(Excerpts from a dataset)
——

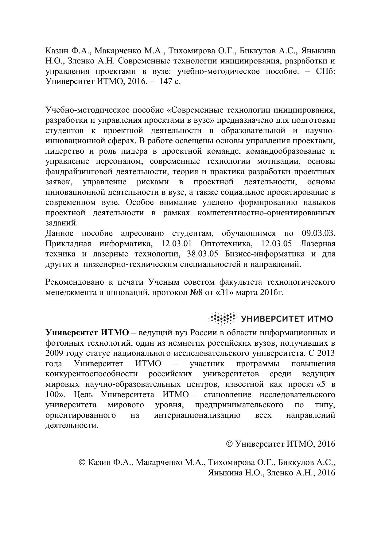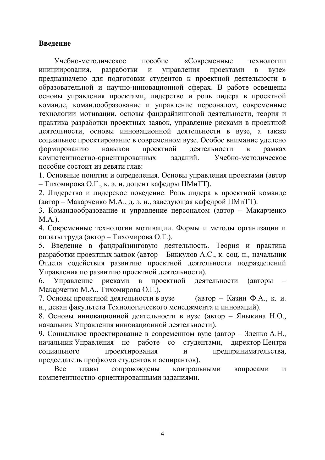 Учебно-методическое пособие «Современные технологии инициирования, разработки и управления проектами в вузе» предназначено для подготовки студентов к проектной деятельности в образовательной и научно-инновационной сферах. В работе освещены основы управления проектами, лидерство и роль лидера в проектной команде, командообразование и управление персоналом, современные технологии мотивации, основы фандрайзинговой деятельности, теория и практика разработки проектных заявок, управление рисками в проектной деятельности, основы инновационной деятельности в вузе, а также социальное проектирование в современном вузе. Особое внимание уделено формированию навыков проектной деятельности в рамках компетентностно-ориентированных заданий.
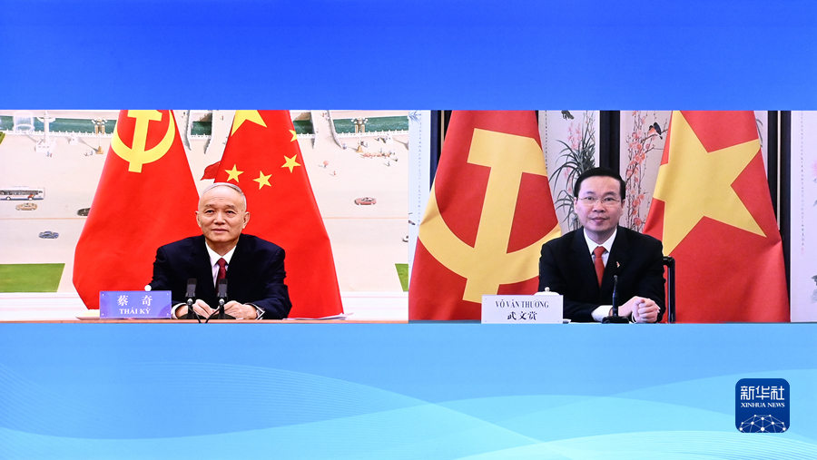新华社北京11月1日电 11月1日,中共中央政治局常委、中央书记处书记蔡奇在北京与陪同越共中央总书记阮富仲访华的越共中央政治局委员、中央书记处常务书记武文赏视频会晤。
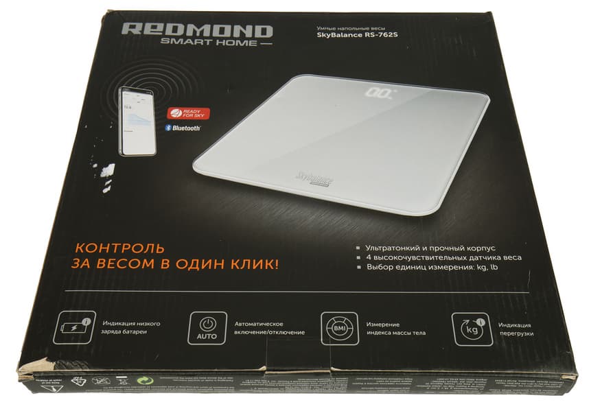 Redmond SkyBalance RS-762S оказались весьма похожи на предыдущую модель линейки напольных весов этого производителя, рассмотренную нами не так давно. От нее они отличаются только цветом панели и незначительными деталями корпуса. Выбор между моделями сводится, таким образом, к цветовым предпочтениям. Белая платформа показалась нам более практичной: на таком фоне менее заметны неизбежные отпечатки пальцев.
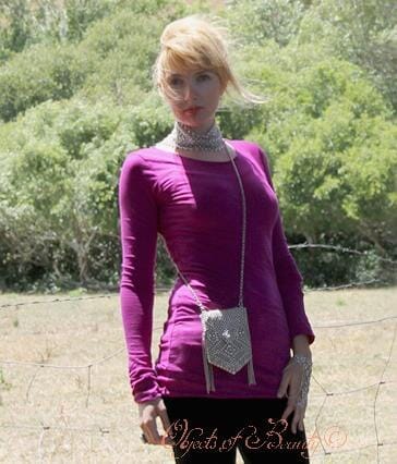 Using a long chain that extends from the top corner, this choker laces up the back by feeding the chain through the loops on each side. Lace it loosely, or tighter to achieve the look you want.
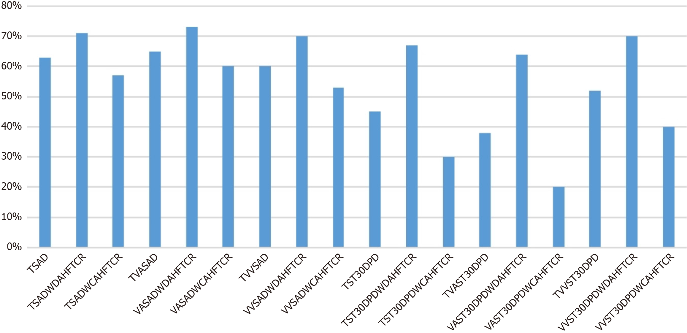 TSAD: Total survival after decannulation; TSADWCAHFTCR: Total survival after decannulation with consultative advanced heart failure and transplant cardiology role; TSADWDAHFTCR: Total survival after decannulation with direct advanced heart failure and transplant cardiology role; TST30DPD: Total survival to 30 days post discharge; TST30DPDWCAHFTCR: Total survival to 30 days post discharge with consultative advanced heart failure and transplant cardiology role; TST30DPDWDAHFTCR: Total survival to 30 days post discharge with direct advanced heart failure and transplant cardiology role; TVASAD: Total veno-arterial survival after decannulation; TVAST30DPD: Total veno-arterial survival to 30 days post discharge; TVVSAD: Total veno-venous survival after decannulation; TVVST30DPD: Total veno-venous survival to 30 days post discharge; VASADWCAHFTCR: Veno-arterial survival after decannulation with consultative advanced heart failure and transplant cardiology role; VASADWDAHFTCR: Veno-arterial survival after decannulation with direct advanced heart failure and transplant cardiology role; VAST30DPDWCAHFTCR: Veno-arterial survival to 30 days post discharge with consultative advanced heart failure and transplant cardiology role; VAST30DPDWDAHFTCR: Veno-arterial survival to 30 days post discharge with direct advanced heart failure and transplant cardiology role; VVSADWCAHFTCR: Veno-venous survival after decannulation with consultative advanced heart failure and transplant cardiology role; VVSADWDAHFTCR: Veno-venous survival after decannulation with direct advanced heart failure and transplant cardiology role; VVST30DPDWCAHFTCR: Veno-venous survival to 30 days post discharge with consultative advanced heart failure and transplant cardiology role; VVST30DPDWDAHFTCR: Veno-venous survival to 30 days post discharge with direct advanced heart failure and transplant cardiology role.
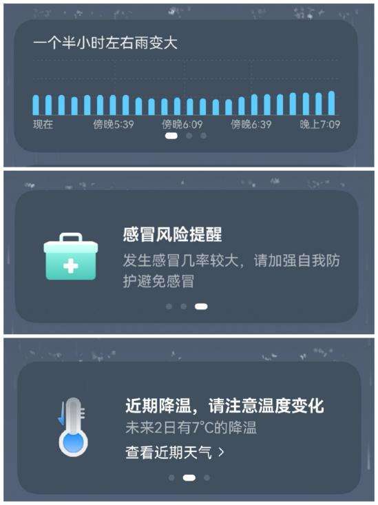 早上出发前,首页智能卡实时推送关键提醒。雨天能看到分钟级降雨预报,提前知晓雨势变化。换季降温时会收到降温预警、感冒风险提醒,提前做好保暖防护,躲开倒春寒的偷袭。

——

_What to work on_
Would you set down only the lines above from the line with "新华社北京11月1日电 11" to the line with "Using a long", both included, exactly as they stand and without the pictures?

_Written reply_
新华社北京11月1日电 11月1日,中共中央政治局常委、中央书记处书记蔡奇在北京与陪同越共中央总书记阮富仲访华的越共中央政治局委员、中央书记处常务书记武文赏视频会晤。
 Redmond SkyBalance RS-762S оказались весьма похожи на предыдущую модель линейки напольных весов этого производителя, рассмотренную нами не так давно. От нее они отличаются только цветом панели и незначительными деталями корпуса. Выбор между моделями сводится, таким образом, к цветовым предпочтениям. Белая платформа показалась нам более практичной: на таком фоне менее заметны неизбежные отпечатки пальцев.
 Using a long chain that extends from the top corner, this choker laces up the back by feeding the chain through the loops on each side. Lace it loosely, or tighter to achieve the look you want.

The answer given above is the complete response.